Dans Interactive Plant Growing, la membrane virtuelle et informationnelle que constitue la circulation électrique entre les organismes est ainsi une zone d’échange et d’interopérabilité qui modifie le comportement de l’interacteur et, par transduction, l’activité cellulaire de la plante. Résultant d’une intersensorialité humaine, végétale et numérique, la vie artificielle déployée à l’écran est ainsi le processus en marche d’une spatialisation mentale et corporelle. Elle affirme une nouvelle corporéité virtuelle, située au croisement de l’extériorisation de la vie psychique et de la vie perceptuelle, et résultant d’une intériorisation de nouveaux modes communicationnels. Racines, arborescences et feuilles virtuelles, directement produites par les modulations d’une membrane intersensorielle, sont en effet autant de projections d’états virtuels complexes : réponses intracellulaires pour la plante, et, pour parler avec Derrick de Kerckhove, « objets mentaux extériorisés » 14 pour le sujet humain qui, au grès de son imagination, investit et modèle les plantes virtuelles. Non sans sans évoquer la Vallée du gazon diapré décrite par Edgar Allan Poe, où les émotions des promeneurs métamorphosent les végétaux au fil de leur errance dans ses jardins – le biotope virtuel qui émerge à l’écran se prête ainsi parfaitement à ce que Brenda Laurel appelle « a designed experience ». Se faisant l’écho de l’image de Laurel, Sommerer et Mignonneau se plaisent à décrire les nombreux jardins virtuels qui émergent des comportements de l’interacteur comme, je cite, « l’expression même de ses émotions au contact du virtuel »15. Plus qu’une nouvelle forme d’art, Interactive Plant Growing s’avère être un véritable système de révélation de la multidimensionnalité du réel. La sensorialité de la plante et les échanges que nous réalisons avec elle, mais encore le temps végétal spectacularisé par la croissance du biotope virtuel, sont autant de manifestations de réalités connexes déployées par les environnements numériques. Dans ce cadre

d’expérience, l’interface se déploie comme concept : elle est une zone intermédiaire qui revisite les catégories et déterritorialise les identités. De ce fait, il est très significatif que la métaphore de l’« environnement » soit appliquée aux arts numériques immersifs : elle dévoilerait la modélisation du milieu cette « réalité intermédiaire » 16 selon l’expression de Maurice Merleau-Ponty - où le vivant développe un complexe comportemental qui subjectivise le réel.

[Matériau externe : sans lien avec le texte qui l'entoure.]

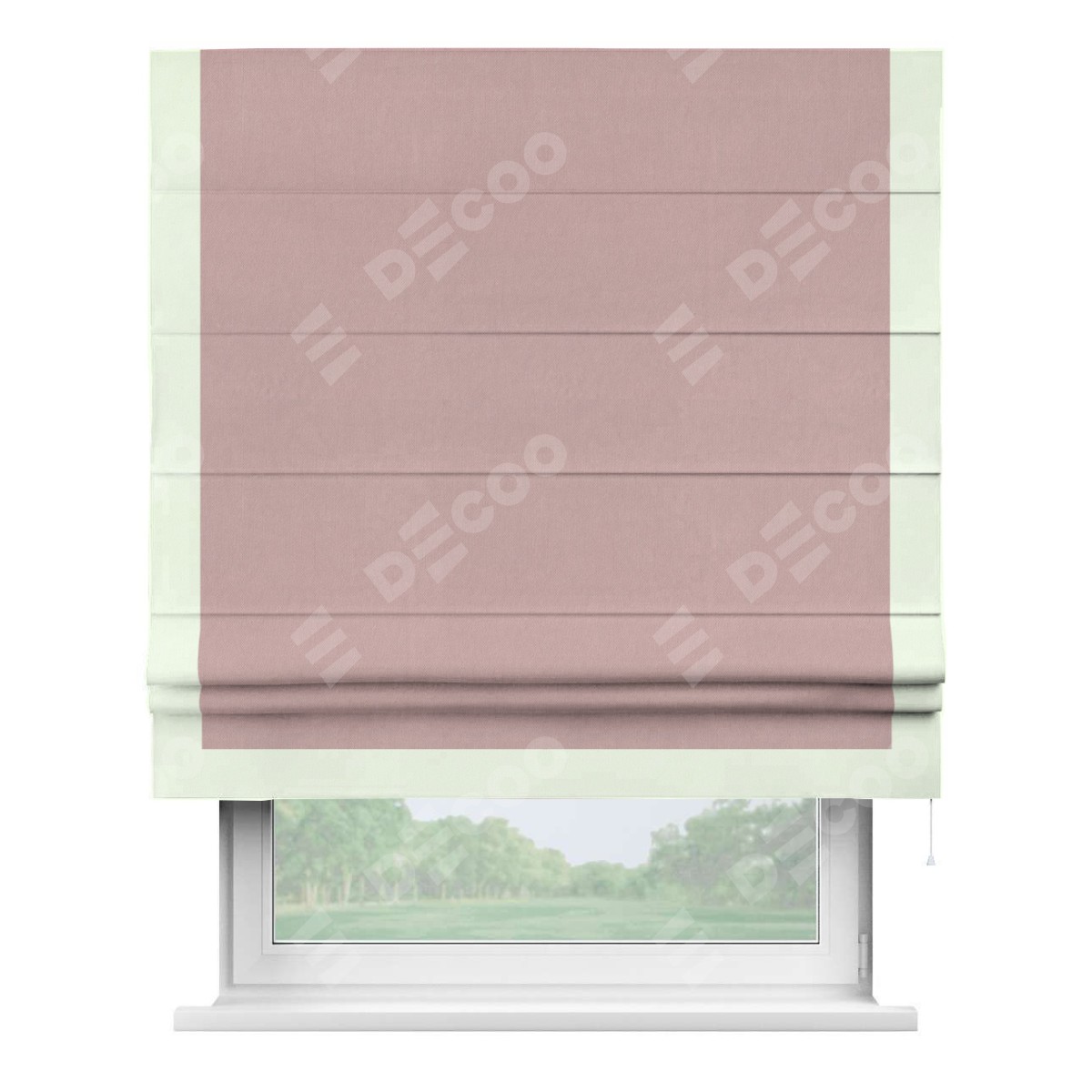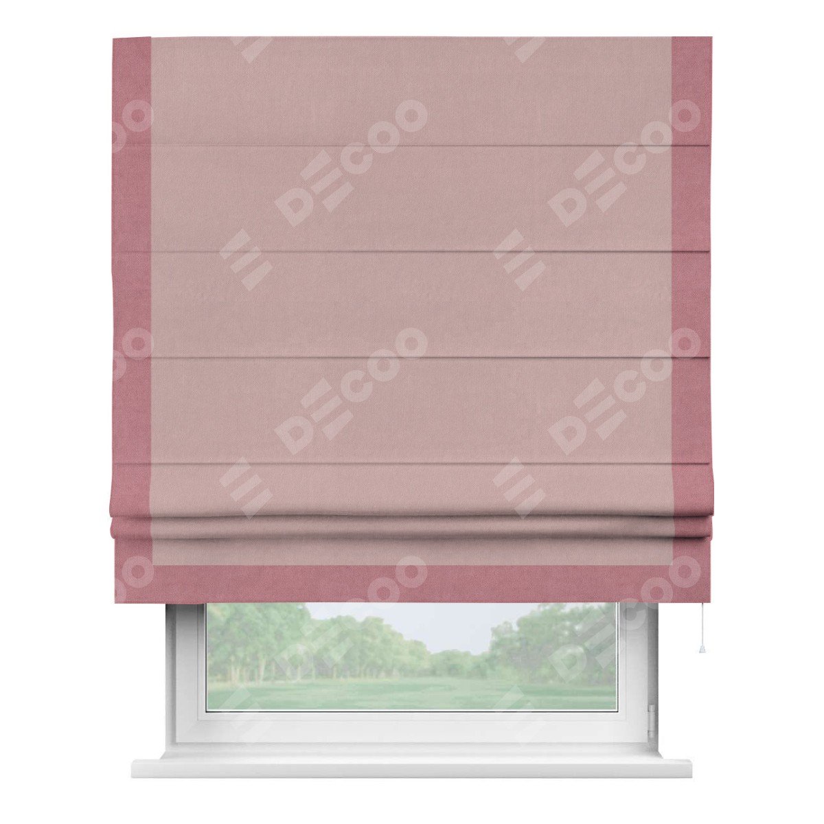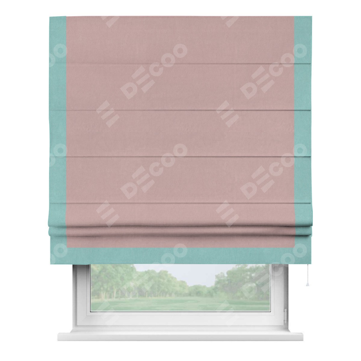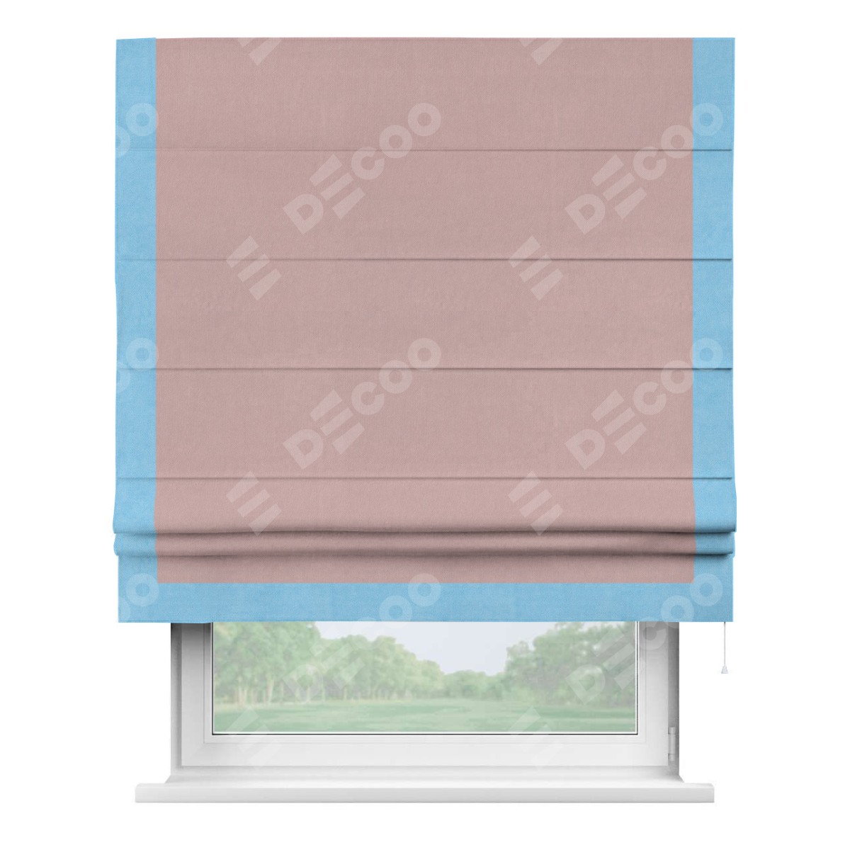 Римская штора производителя «Cortin», используется для проёма, пошита из ткани вельвет розовая пудра, артикул ткани 14132. Отделка шторы кантом «Виктория», ткань для канта используется из вельвета разной расцветки на выбор. Имеет универсальный механизм и подходит для монтажа: на потолок, на стену и в нишу.
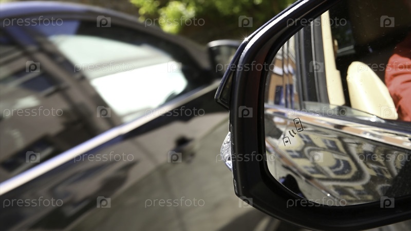 Автономные автомобили на дороге с видимым соединением. Система мониторинга слепых точек предупреждает о значке света в боковом зеркале современного автомобиля

En effet, tandis qu’il se consacre à l’étude du comportement animal, Merleau-Ponty définit le milieu comme « une réalité intermédiaire entre le monde tel qu’il existe pour un observateur absolu et un domaine purement subjectif »17. Dans ce sens, l’interface se déploie comme un espace médian où objectivité et subjectivité éprouvent leur réversibilité. En plus d’être une allégorie du virtuel, la communication intersensorielle d’Interactive Plant Growing, fondée sur les capacités d’interprétation et d’adaptation des organismes (qu’ils soient vivants ou mécaniques, humains ou animaux), met à jour les transmissions invisibles du quotidien et manifeste l’importance des communications implicites. Comme le recommande Diana Domingues, « il est question de penser au-delà de l’interface et d’insister sur l’importance de la dimension comportementale de l’art interactif, dans laquelle un corps est enclin à ressentir quelque chose qui amplifie sa dimension de monde » 18. Rejoignant la démonstration de Varela, Domingues insiste sur les qualités énactives des Réalités Augmentées en précisant que « ce sont les comportements du corps et de l’ordinateur qui déterminent la vie d’un certain environnement » 19.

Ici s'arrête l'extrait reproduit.